If you want to output a time object to a string, you can either use the associated time zone, or you can convert the time object to a different time zone and output that.
Most languages will associate time objects with UTC if you don't specify the time zone explicitly.
Working with Time
Unless you are working with imaginary times and dates in fictional tales that will never be forced to interact with real-world mechanics or real people that live in different time zones, you must follow the following rules to retain correctness:
Never Ever Parse Without Time Zone
Never parse a date without a time zone. There will always be a time zone (whether it is implicit or explicit) by dates that you get, and unless you don't actually care whether you data is up to a day off, you should be using the UTC default instead of the known time zone information.

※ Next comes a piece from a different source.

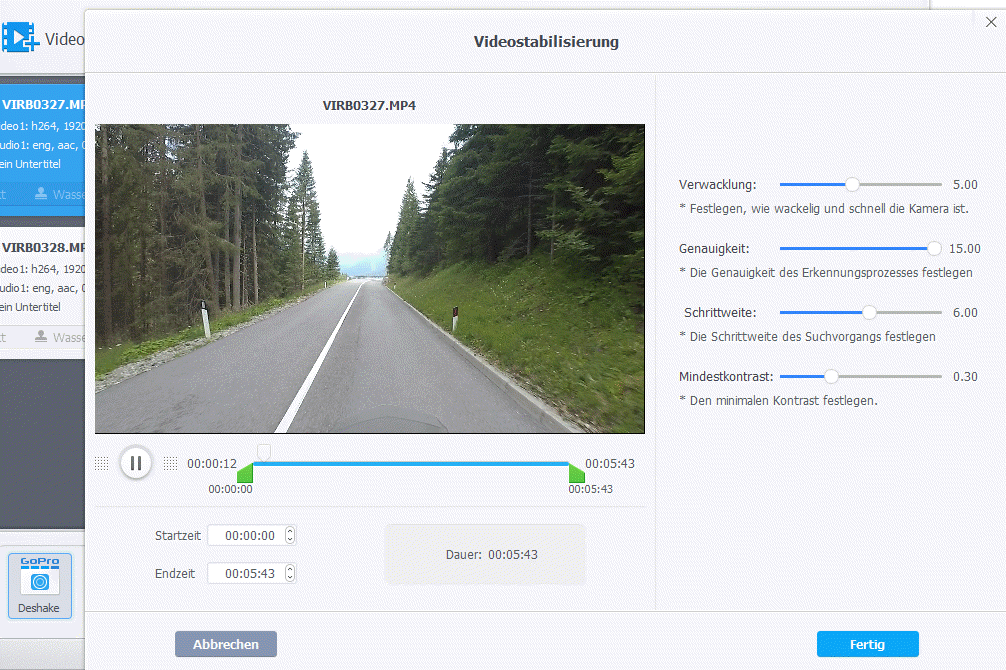 Videos von Smartphones und Action-Cams können bei Bewegung sehr schnell verwackeln und damit beim Zuschauer sogar Übelkeit hervorrufen. Um diesem Problem entgegenzuwirken, bietet viele Action-Cams einen integrierten Bildstabilisator. Wenn dieser bei der Aufnahme nicht aktiviert war oder keine gute Arbeit leistete, kann VideoProc 4K mit der Funktion „Deshake“ in der „Toolbox“ die Aufnahme nachträglich stabilisieren.

Always Assign/Associate Dates With Time Zone
As a correllary to the above that is easy to forget: Always associate a time zone with dates coming from the database or other libraries that create time objects for you. If you don't, libraries producing times will generally assume the associated time is UTC. You should put your dates into your database as UTC, so the default will just work. But I know you, American developer, and you didn't do that when you designed your schema and all the dates you've been putting in are probably PST. So if start putting in your dates in as a time zone other than UTC, then when you pull data from the database, you must associate PST with that data, or your Unix time representations will be wrong.

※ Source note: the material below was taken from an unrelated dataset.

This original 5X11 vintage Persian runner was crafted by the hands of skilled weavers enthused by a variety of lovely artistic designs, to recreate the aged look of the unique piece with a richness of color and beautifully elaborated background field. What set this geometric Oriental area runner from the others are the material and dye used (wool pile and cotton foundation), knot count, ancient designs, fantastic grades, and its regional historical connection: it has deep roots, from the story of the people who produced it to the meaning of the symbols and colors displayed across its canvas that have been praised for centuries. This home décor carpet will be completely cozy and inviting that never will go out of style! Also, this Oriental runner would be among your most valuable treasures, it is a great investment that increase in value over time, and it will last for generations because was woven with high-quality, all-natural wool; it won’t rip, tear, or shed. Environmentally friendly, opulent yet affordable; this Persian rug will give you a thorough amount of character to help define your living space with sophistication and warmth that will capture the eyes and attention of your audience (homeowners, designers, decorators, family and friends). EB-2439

Always Convert To (Preferably) UTC Before Storage
Always convert the date or time to a predefined time zone before inserting it into your database. This will ensure that you can do the above. Generally UTC is recommended. But being consistent within your codebase is more important than agreeing with what the worldwide developer community may think is a good idea. So if you can't convert your existing code and data to UTC, then put it in as whatever time zone that you have been using.
Don't Date in a Hurry (Or Without Testing)

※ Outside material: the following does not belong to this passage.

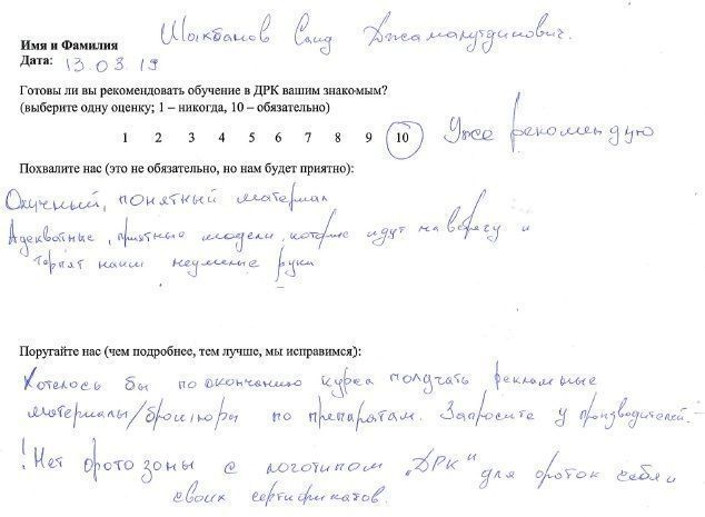 10 баллов Уже рекомендую! Отличный, понятный материал. Адекватные, приятные модели, которые идут навстречу и терпят наши неумелые руки Хотелось бы по окончанию курса получать рекламные материалы/брошюры по препаратам. Запросите у производителей. Нет фотозоны с логотипом "ДРК" для фоток себя и своих сертификатов.

If you are doing date manipulation in a hurry, the odds that you will get all this stuff right the first time are just not with you. In the end you will likely find the insanity and naivety of manipulating dates without tests to be a bad plan.
Dates are Times
In the vast vast majority of cases, a date is a time and all of the above apply to dates as well as times. In the example above, when Jay called Pradeep, Pradeep was half a day ahead what Jay expected. When Pradeep called Jay, he was half a day behind what Pradeep expected. If you don't treat dates as carefully as your times, your data may be off by as much as +/-1 day. If that is acceptable to you, you may want to consider not using dates at all, but using weeks, or months, instead as your grouping factor.